In other words, all that a higher hormonal response to big compound exercise means really is that those exercises are taxing enough to stimulate an immediate need for nutrients. The purpose of those elevated hormones at this point is merely to protect the body until this feed happens, and is very different to raised levels of those hormones that are long lasting and not transient.


----------



## kernowgee (Jan 30, 2011)

Jake_2792 said:


> Tribulus?


DAA and ZMA have it licked, better still lay off the porn and give the little chap a rest


----------



## BigAaronAlves (Mar 2, 2011)

a.notherguy said:


> i sometimes get a boner on squats day. honestly.
> 
> dont know if its relevant or not tho


My dick shrivels up bro, all the blood goes to my quadriceps. What you doing in the gym? ****ing!!!!!! LOL


----------



## Meanmuscle (Jun 29, 2011)

Anyone tried Tribulus?


----------



## MMAallday (Oct 17, 2011)

Is there anyone whos tried Tribulus as lots say its not worth the bother but i need that extra kick!


----------



## Driven Sports (Jul 15, 2011)

Mars said:


> There is still debate on weather strength training increases testosterone levels, some studies say yes (Marin et al) but levels return to normal baseline within 10-20mins and some studies that say there is no increase (Wheeler et al) so basically the jury is out.
> 
> I will try and find these but it may take some time.

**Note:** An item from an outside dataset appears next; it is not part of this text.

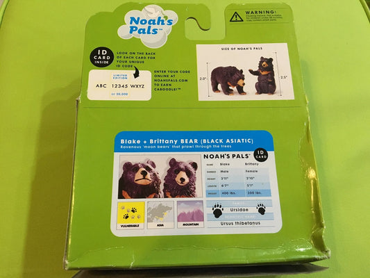 NOAH'S PALS Blake+Brittany BEAR (BLACK ASIATIC) Animal PVC figurine figure Model pair in box

The testosterone response seems to be more significant when the participants used in the study are untrained. When you use experienced resistance-trained athletes the effect is essentially not there (http://www.ncbi.nlm.nih.gov/pubmed/18832756).

Some of this is discussed in these articles:

Part one: http://www.getds.com/20110509228/Blog/the-steroid-machinery-of-muscles-part-one

Part two: http://www.getds.com/20110510229/Blog/the-steroid-machinery-of-muscles-part-two


----------



## Driven Sports (Jul 15, 2011)

hardgaining said:


> Is there anyone whos tried Tribulus as lots say its not worth the bother but i need that extra kick!


It may give your libido a kick, but tribulus fails to show any consistent effect on actual testosterone levels in humans.


----------